Supplied material.
/---
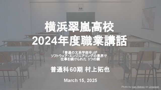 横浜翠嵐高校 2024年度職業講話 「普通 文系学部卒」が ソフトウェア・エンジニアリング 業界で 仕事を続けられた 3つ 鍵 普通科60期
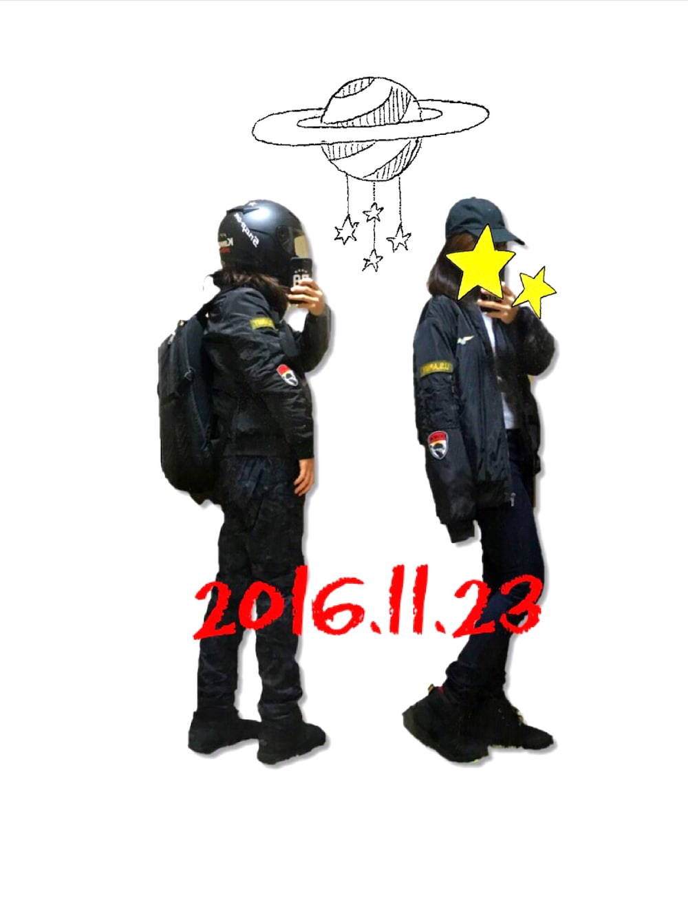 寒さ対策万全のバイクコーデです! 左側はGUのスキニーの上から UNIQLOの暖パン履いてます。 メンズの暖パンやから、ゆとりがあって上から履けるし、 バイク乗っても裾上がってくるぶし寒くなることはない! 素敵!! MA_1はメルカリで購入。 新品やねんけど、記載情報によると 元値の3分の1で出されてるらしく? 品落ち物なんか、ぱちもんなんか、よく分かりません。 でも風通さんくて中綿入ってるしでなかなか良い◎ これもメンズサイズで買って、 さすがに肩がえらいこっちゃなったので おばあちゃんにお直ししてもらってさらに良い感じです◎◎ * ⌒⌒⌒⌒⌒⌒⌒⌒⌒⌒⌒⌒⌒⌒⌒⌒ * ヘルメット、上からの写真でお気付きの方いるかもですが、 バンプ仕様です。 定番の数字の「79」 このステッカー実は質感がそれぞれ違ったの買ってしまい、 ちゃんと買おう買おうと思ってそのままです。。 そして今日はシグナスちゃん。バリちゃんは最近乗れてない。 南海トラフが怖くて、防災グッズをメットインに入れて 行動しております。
\---
/---
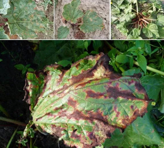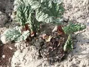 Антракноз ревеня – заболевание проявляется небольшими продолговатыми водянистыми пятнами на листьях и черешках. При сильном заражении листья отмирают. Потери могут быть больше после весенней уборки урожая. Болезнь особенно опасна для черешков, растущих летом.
\---
The copy should hold exactly the lines above from the one with "横浜翠嵐高校 2024年度職業講話 「普通" through the one with "寒さ対策万全のバイクコーデです! 左側はGUのスキニーの上から UNIQLOの暖パン履いてます。", both ends counted, and no pictures at all.

 横浜翠嵐高校 2024年度職業講話 「普通 文系学部卒」が ソフトウェア・エンジニアリング 業界で 仕事を続けられた 3つ 鍵 普通科60期
 寒さ対策万全のバイクコーデです! 左側はGUのスキニーの上から UNIQLOの暖パン履いてます。 メンズの暖パンやから、ゆとりがあって上から履けるし、 バイク乗っても裾上がってくるぶし寒くなることはない! 素敵!! MA_1はメルカリで購入。 新品やねんけど、記載情報によると 元値の3分の1で出されてるらしく? 品落ち物なんか、ぱちもんなんか、よく分かりません。 でも風通さんくて中綿入ってるしでなかなか良い◎ これもメンズサイズで買って、 さすがに肩がえらいこっちゃなったので おばあちゃんにお直ししてもらってさらに良い感じです◎◎ * ⌒⌒⌒⌒⌒⌒⌒⌒⌒⌒⌒⌒⌒⌒⌒⌒ * ヘルメット、上からの写真でお気付きの方いるかもですが、 バンプ仕様です。 定番の数字の「79」 このステッカー実は質感がそれぞれ違ったの買ってしまい、 ちゃんと買おう買おうと思ってそのままです。。 そして今日はシグナスちゃん。バリちゃんは最近乗れてない。 南海トラフが怖くて、防災グッズをメットインに入れて 行動しております。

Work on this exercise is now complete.